たぶん、こんな風に音楽家と相談しながら振り付けるのがジャワの伝統的な手法だろうと、私は漠然と思っていたのだが、私が踊り手の1人に起用されたある公演では、本当に「振り先」だったので驚いた。つまり、音楽がまだできていないのに、動きだけどんどん決めていくのだ。振付家は当時すでに40代半ばの芸術系大学の舞踊教員だから、素人ではない。彼の作品では男女4人ずつが出演したのだが、女性パートでは私1人が呼ばれ、彼の試行錯誤に付き合って指図されるままに動き、動きが決まると彼はそのつど舞踊譜に足していった。男性パートでもわたしと同様に呼ばれていた人が1人いた。振付がほぼできてから他の踊り手も呼ばれて全体練習が始まり、フォーメーションが付け加わり、全体練習進んでから作曲家がやってきて、振付を見て、音楽ができたのはいつ頃だっただろう…、もう公演にかなり近くなってからのことだ。そういうやり方なのに、ばっちり音楽と振付の雰囲気が合っていて、私はびっくりしてしまった。というのも、この振付家はわたしと違って、曲の形式もあまり考慮してなかったからなのだ。ジャワの音楽はどんな形式の曲であれ4拍単位になっているから、それに合わせてやっていけば良いようなものの、ガムラン音楽のどの形式に合わない箇所もできたりして、私が指摘したこともある。とにかく、全体構成を意識せず(していたのかもしれないが)、冒頭部からどんどん動きをつなげていくという「振り先」の振付方法は意外だった。

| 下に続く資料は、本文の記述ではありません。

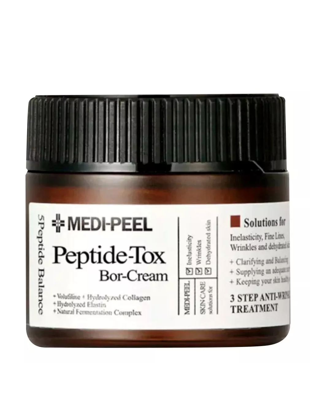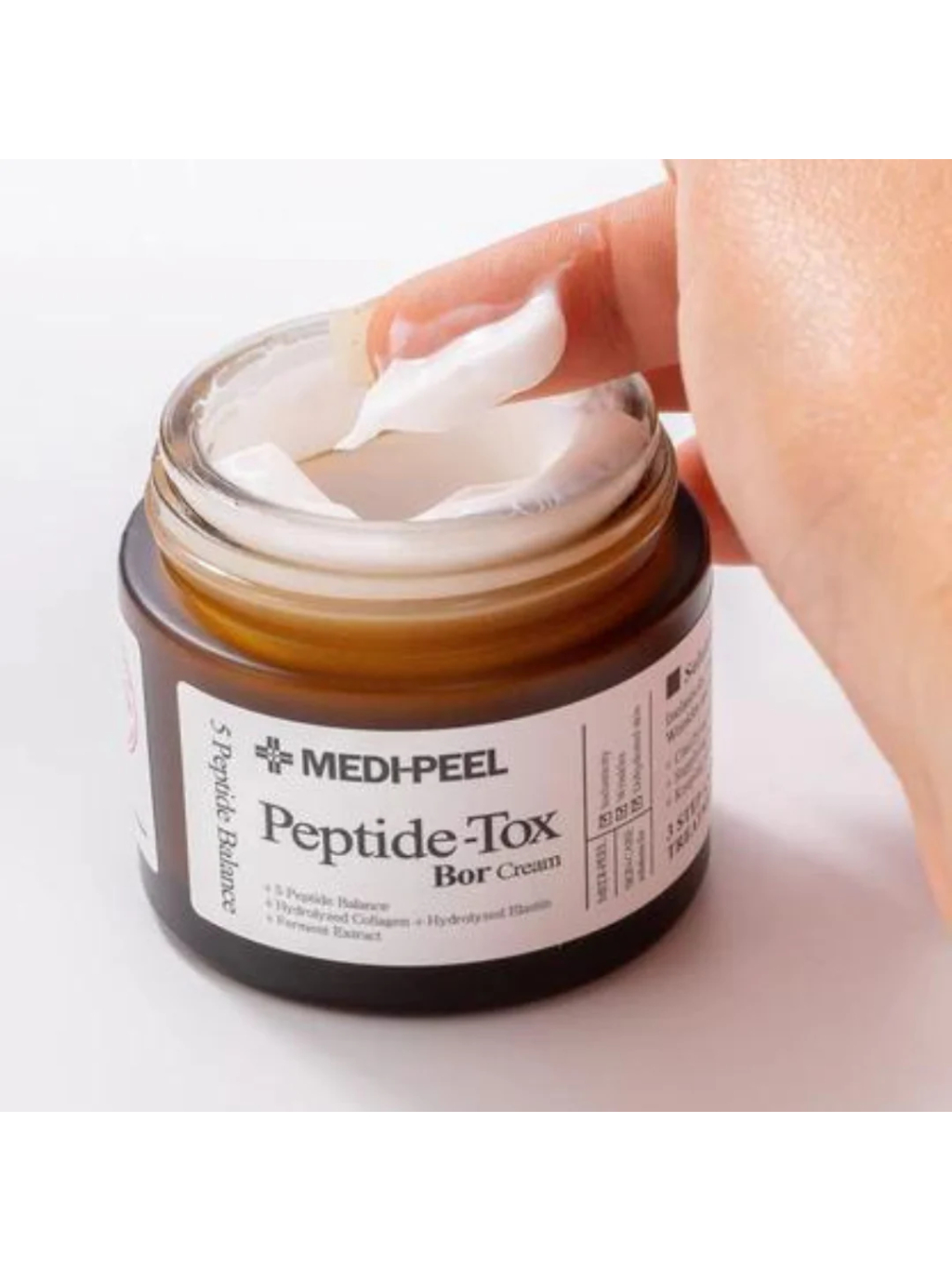 MEDI-PEEL Peptide-Tox Bor Cream -Liftingový krém s peptidovým komplexom Medi-Peel Peptide-Tox Bor Cream má výrazný účinok proti starnutiu. Zvýšená pevnosť a pružnosť pokožky, regenerácia pokožky, vrásky pokožky tváre sú hladšie. Spomaľuje proces starnutia, udržuje tón, hlboko vyživuje a hydratuje. Pôsobí ako botox, pomáha uvoľniť a uvoľniť napätie zo svalov tváre, predchádza vzniku bunkových tkanív a kožných záhybov. Napína pokožku, zlepšuje schopnosť buniek zadržiavať vlhkosť, rozpoznáva prejavy dehydratácie a dehydratácie.
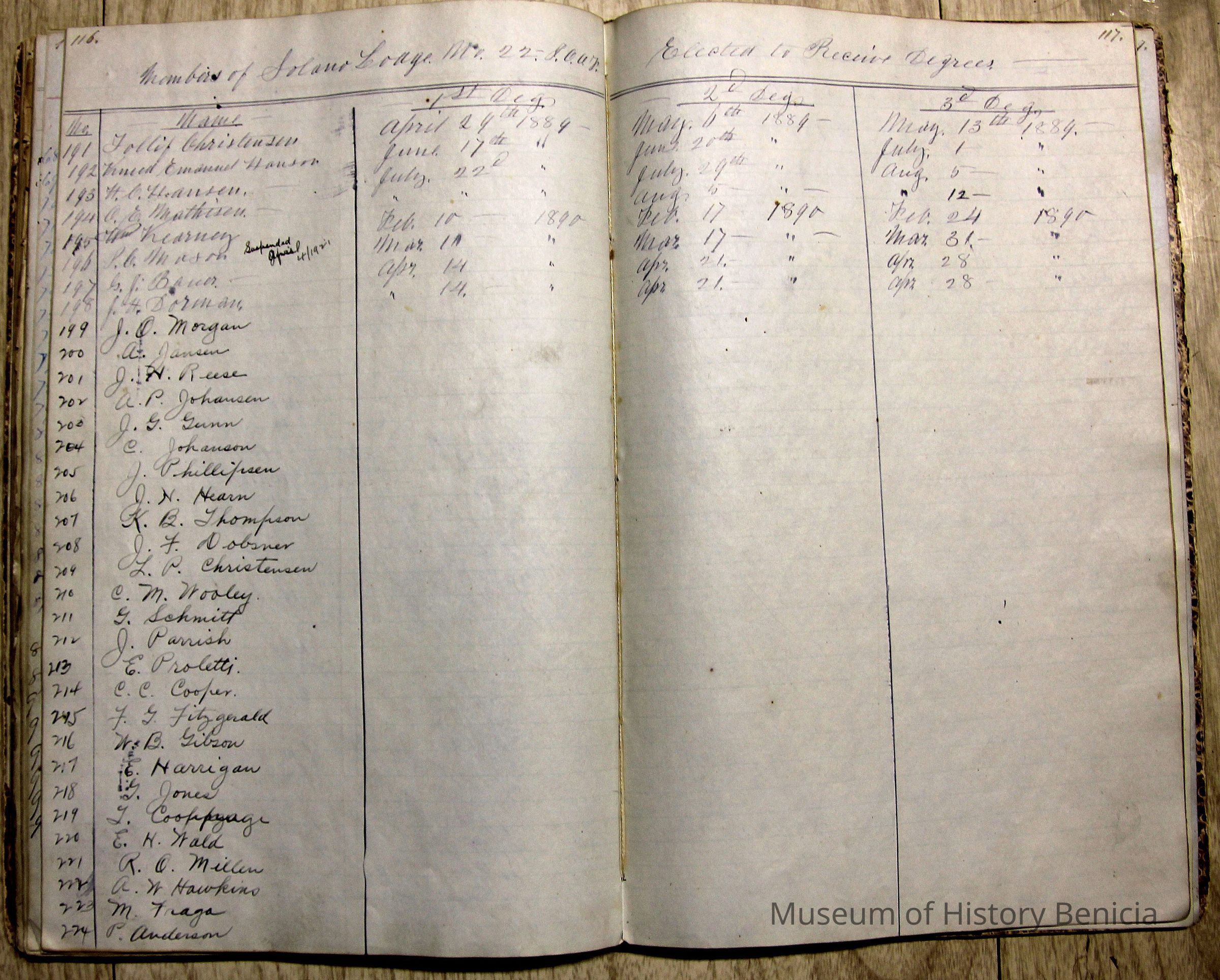 In the back are lists of the members and the "degrees" they attained in their membership.

私の第2作目の音楽家は楽器演奏者として出発しているせいだろう、曲先の人だった。「歌詞はどうする?」と聞いてくれたのは、わざわざ作詞したいか?ということを確認するためで、私が「別に意味がなくても良いです」と伝えたらそれでOKで、その観点から詞(というか単語)を当ててくれた。私にとって、舞踊の歌は、言葉の意味以上に効果音として意味があるもの。ときどき単語が耳に入っていろんなイメージを喚起してくれるけれど、そんなイメージや音の響きの方が、意味より大事、なのだ。けれど、同じガムラン音楽家でも、詞の朗誦から出発した人は当然ながら詞にうるさい。私が3作目の舞踊作品を作った時は歌の人に作曲してもらったのだが、その人は詞先でまず歌詞を作ってきた。それも1番、2番…という形で。だから、私がインストゥルメンタルな部分を増やしたり、曲を短くしたりするため歌詞を削りたいとお願いすると、意味がつながらなくなると主張されて、結局短くできなかった。

というわけで、私としては、「振り先」100%は唖然とするが、詞先でも困る、振り優先で途中から曲との同時並行がいいなあ、という次第。他の人がどんなふうに創作しているのかは知らないけれど…。